Privacy policies have become effectively universal for digital and platform services, even where not in theory required by local law (Hayne Reference Hayne2007). All the T2T models in our study, regardless of jurisdiction, had a privacy policy. However, at the early stage of industry evolution we covered, in many cases they were that of the parent company’s general privacy policies, rather than specially tailored for foundation models. In the wider ecology of models, some had no privacy policy at all and others bore evidence of having been cut and pasted from large social media network or e-commerce templates without much thought of applying them to the new world of foundation models.
The GDPR offers several significant user rights against data controllers including information and subject access rights, the right to erasure of personal data (“to be forgotten”), the right to rectification, rights to data portability, the right to object to processing including profiling and the right to object to solely automated decision-making (GDPR, Chapter III). If personal data are used in training sets to build large models, then there must be a lawful ground of processing (GDPR, art 6). Purpose limitation, DP impact assessments and the age at which children can consent will also, inter alia, be relevant. Many of these issues were raised in the (ongoing) Italian action, and the European Data Protection Board is currently constructing guidance on how large models should (if it is even possible) comply with GDPR rules. However, we found evidence of relative failure of model providers in early 2023 to engage with DP user rights.
Of the 13 models we studied (Table 2), 9 models referenced the GDPR in their privacy policies (if they had one). However, seven explicitly mentioned the California Consumer Privacy Act (CCPA). Of these, LENSA, a Russian service, stood out with a special California Notice and Collection and Privacy Notice (LENSA, Reference LENSA2023b).
All of the T2T models we studied (Table 2) offered at least an email address to enable objection to and removal of user data. The privacy policies of the other models studied were however far less consistent. In most models studied, providers used boilerplate clauses to talk about the processing of data supplied by subscribers such as registration data and prompts. The much more difficult questions around processing personal data from the public Internet as input to training datasets were not raised.
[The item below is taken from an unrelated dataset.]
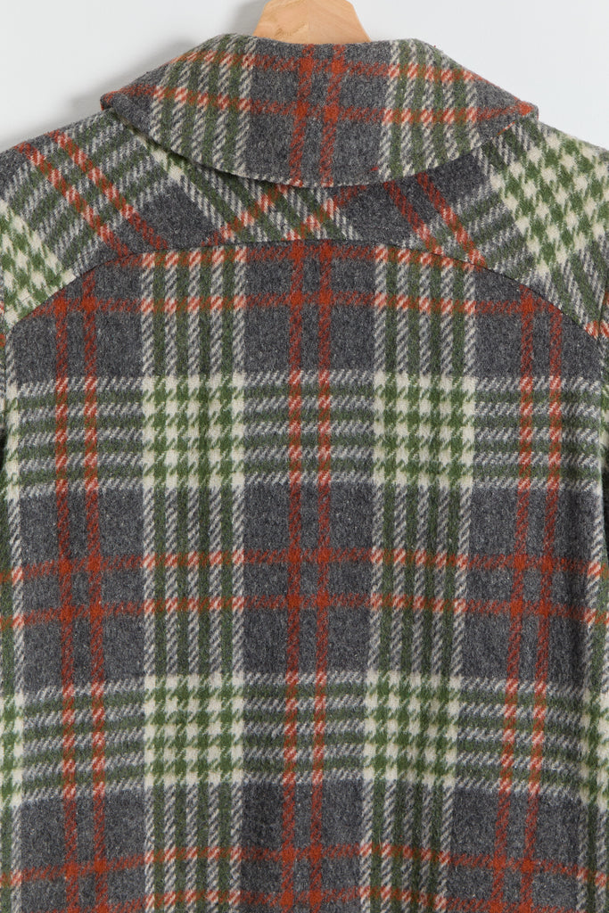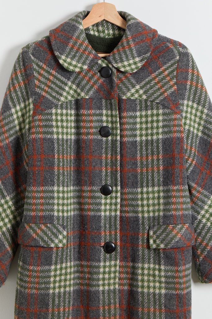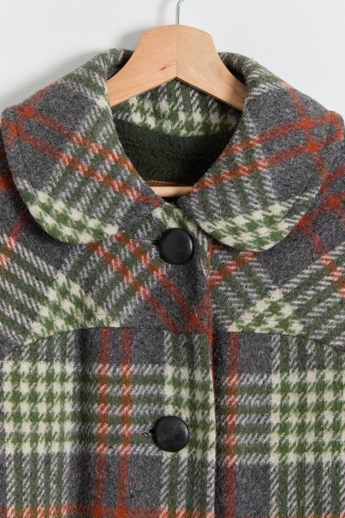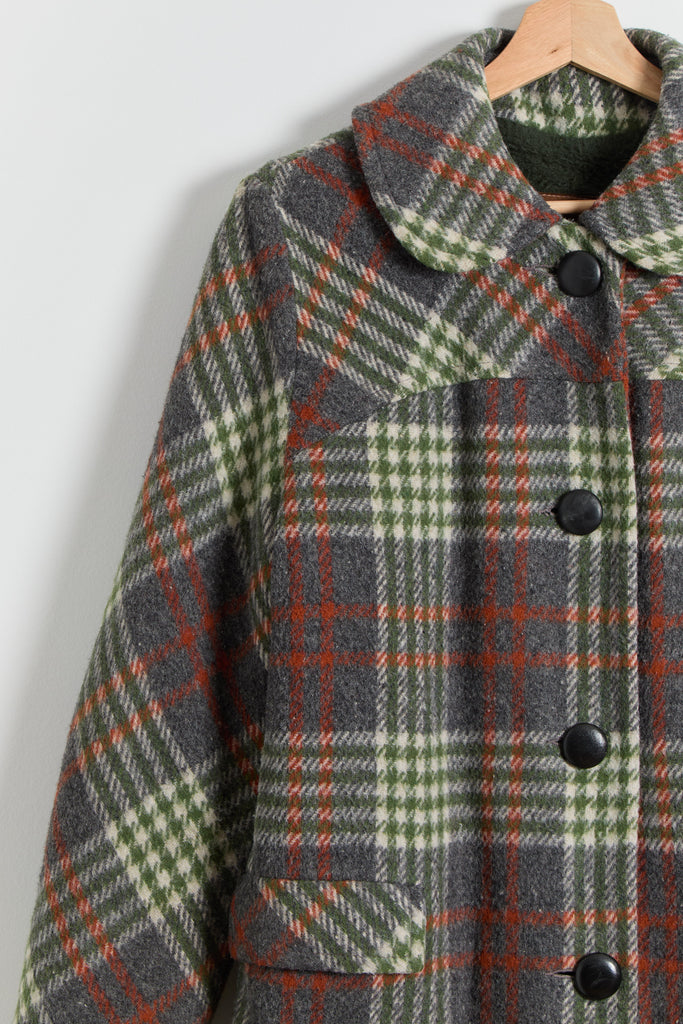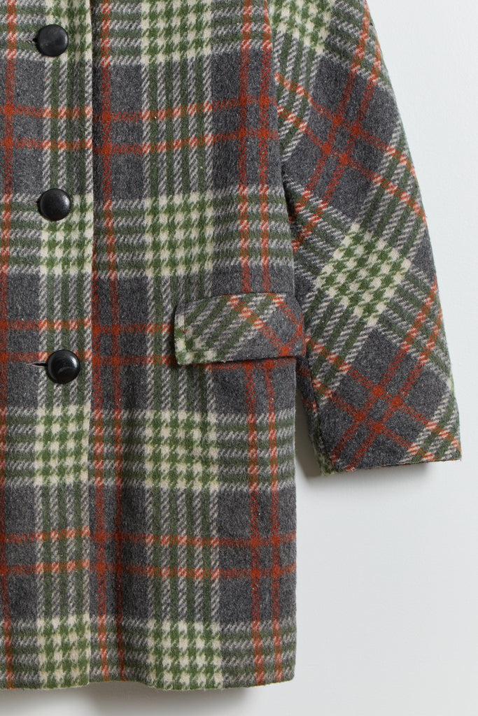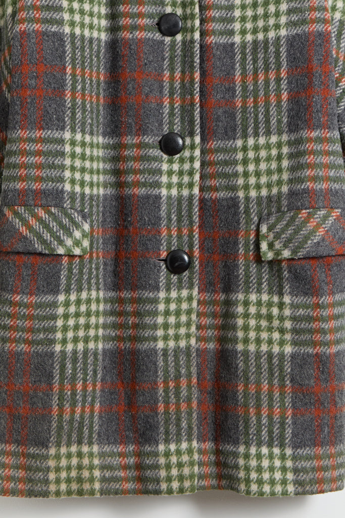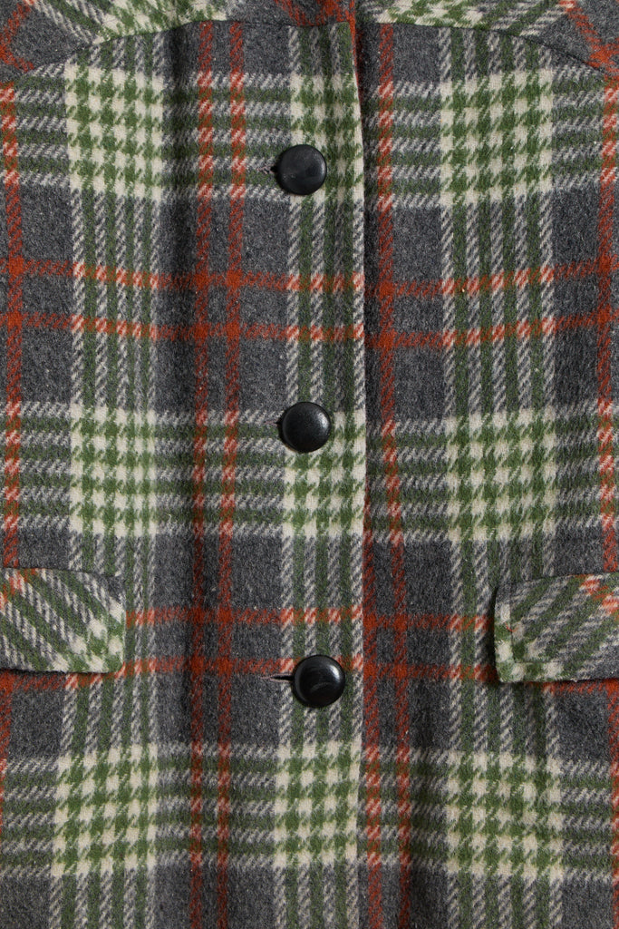 70s Grey Rust Olive Plaid Wool Coat M/L
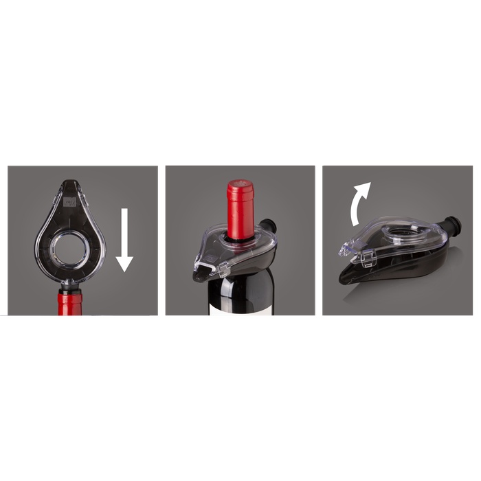 Umetnite perlator za vino u bocu vina i natočite. Kako vino teče, ono se prozračuje na licu mjesta, pojačavajući svoj miris i omekšavajući tanine. Prozirni dizajn omogućuje vam da vidite proces prozračivanja na djelu. Nakon upotrebe jednostavno ga izvadite i isperite radi lakšeg čišćenja.

It can be argued that T&C relate only to the relationship between provider and user so issues around the provenance of the training set are irrelevant – but this is patently not true of DP notices which should give third parties as well as contractual partners notice of processing of their data and subject access and other user rights (GDPR, art 14 and Chapter III).
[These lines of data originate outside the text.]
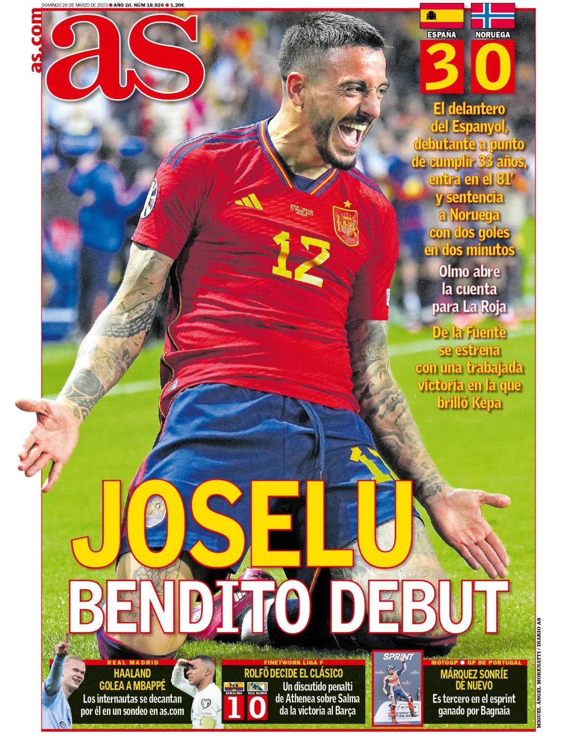 El diario As destaca en su edición matinal de este domingo la victoria de la selección española ante Noruega donde brilló Joselu. El exdelantero y canterano del Real Madrid debutó con la roja haciendo un doblete saliendo desde el banquillo.
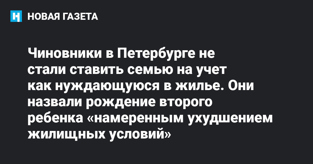Сотрудники одной из районных администраций в Петербурге назвали рождение в семье второго ребенка «намеренным ухудшением жилищных условий» и отказали ей в постановке на учет как нуждающейся в жилье. Об этом сообщается на сайте уполномоченного по правам человека в Петербурге Светланы Агапитовой.
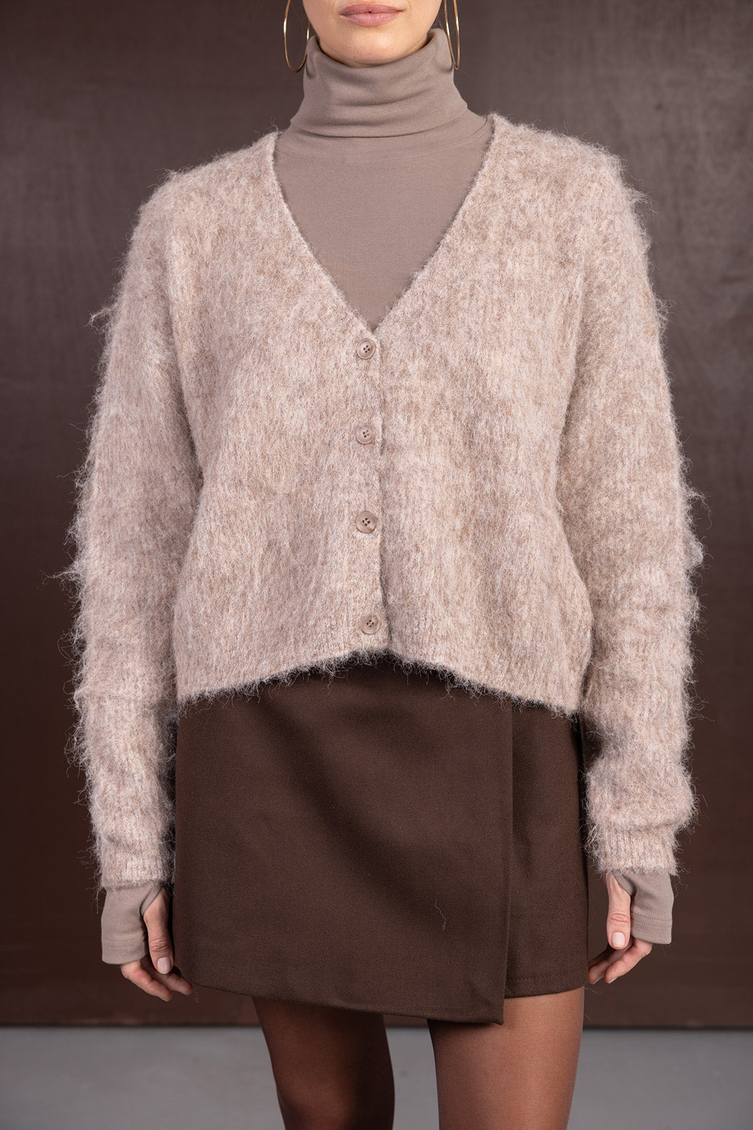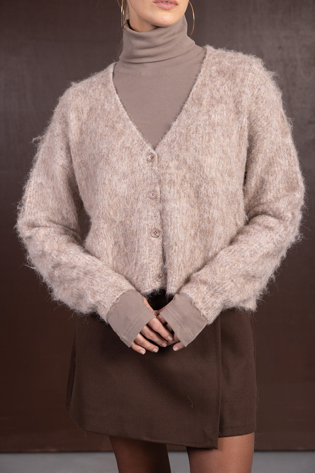 קרדיגן רך במראה פלפי, עם כפתרה קדמית וגזרה קצרה. שרוולים ארוכים ונפולים שמוסיפים טאץ' נעים.

Eleven out of thirteen models studied (Table 2) offered clear contact information, such as an email address or a link to a form within their privacy policies. In first quarter 2023, none of these 13 models included much information about data rights other than subject access rights and the right of erasure. Open AI, providers of ChatGPT, gave no lawful ground for processing data and said only to email them about erasure rights. Compared to the well-trodden path for fulfilling the “right to be forgotten” (Zhang et al., Reference Zhang, Finckenberg-Broman, Hoang, Pan, Xing, Staples and Xu2024) since 2014 in the wake of Google Spain (Court of Justice of the European Union, 2014; Court of Justice of the European Union, 2023) for platforms and search engines, this seemed little more than a token effort.
Due to the lack of information about DP in our survey in April 2023, we chose to do another sweep at end 2023 (Table 2). By then, 12 out of 13 models had decided to update their privacy policies. All 12 now make more, though not completely comprehensive, mention of the range of DP user rights. This is a positive trend away from the DP “wild west.” But most still only offer an email address as means of complaint (9 out of 13). Two still do not do even that. For larger providers, because privacy policies are generally applicable to all generative AI services provided, and sometimes all services offered in toto by a company such as Google (Google generally only have one privacy policy and set of T&Cs across all their services; however, they altered that policy on 22 May 2024 to incorporate some extra terms relating to generative AI into their main conditions including notably their statement that (in line with this papers findings) ownership in outputs belongs to the user. See the extra terms; Google, 2024), it is extremely difficult to work out what particular models are doing with users’ data. Almost certainly, further action by DPA regulators and privacy advocates as well perhaps as the Federal Trade Commission in the USA, will be necessary to force more than lip service compliance. It is notable that Open AI only threw up a RTBF form and added a lawful ground for processing straight after they were banned in Italy by the Garante and they still, as of April 2024, declare that the right of rectification is beyond their abilities (As we went to press, NoYB the privacy NGO announced they were suing ChatGPT for failing to comply with the right to rectification: “ChatGPT provides false information about people, and OpenAI can’t correct it,” NoYB point out that OpenAI themselves admit that “factual accuracy in large language models remains an area of active research” – showing the importance of documentary admissions on model provider websites – see NoYB, 2024). It is fair to say that DP compliance by large models is still very much a work in progress.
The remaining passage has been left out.